記憶力や思考能力、歳をとっても衰えず

 人間の記憶力や思考能力は、これまで考えられていたほどには年齢とともに衰えないことが、研究者グループの調査により明らかになった。いわゆる「脳トレ」のあり方をめぐる論議に一石を投じそうだ。

 この調査を行ったのは、東京医科歯科大学の加勢隆彦教授ら。「名前が思い出せなくなった。若いころはこんなことなかったのに」と嘆く50代以上の男女298人の家族から聞き取り調査を行ったところ、30代のころから「名前が思い出せなくなった。若いころはこんなことなかったのに」と嘆いていた事実が浮き彫りになった。

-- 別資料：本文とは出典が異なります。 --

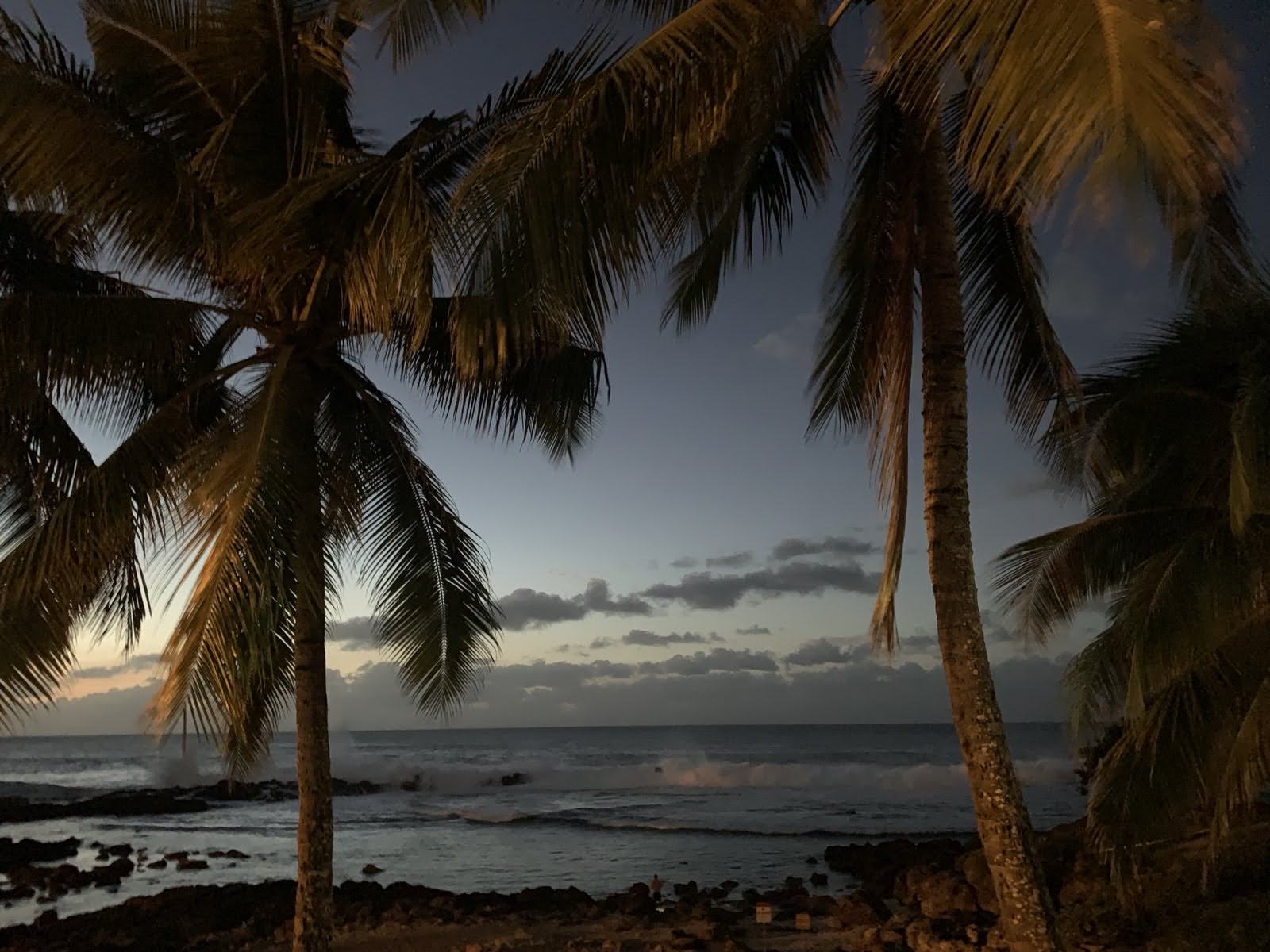 Scott, my faithful Uber driver, picked me up when I was done for the day and we headed in search of dinner. We stopped for takeout at a place called Seven Brothers across from Shark’s Cove. We walked across the street and had our dinner sitting on a brick wall overlooking the beach at the snorkeling spot (which was closed that day due to dangerous surf) and while we were eating we noticed some people on the beach playing with fire. Literally. A local fire dancing troupe were taking turns twirling fire sticks and “poi” (poi means “ball on a string”) which was mesmerizing to watch and was right up Scott’s alley. When we had watched our fill of fire dancing we headed back to Kailua, and as had become the norm, fell right into bed.

 思考能力についても同様の結果が出た。聞き取り調査に対して「若いころのほうが計算が速かった」と答えた50代の男女307人のうち290人は、中学校の数学の計算ドリルのテスト答案の半分が白紙の状態だった。

 加瀬教授は「衰えたと本人が思うほどには衰えていない。むしろ中高年に達してから妄想力は強まっている」と指摘する。

 「若いころは徹夜しても平気だった」といった証言も、そのあとに「翌朝会社で普通に『おはようございます、ムニャムニャムニャ』と挨拶してから働いていたんだよ」といった続きがあり、本人が気がつかないうちに眠りに落ちていたと推測されるケースがほとんどだという。

 加瀬教授は「若いころは記憶力や体力のなさを恥じていた人が、加齢という正当な理由を得たことで、堂々とアピールできるようになっただけ」との仮説を立てた。今後は酒場などでフィールドワークを行い、中高年間で老化談義を交わす人の心理にどれくらいの度合いで自慢の感情が含まれているのかを確かめたいとしている。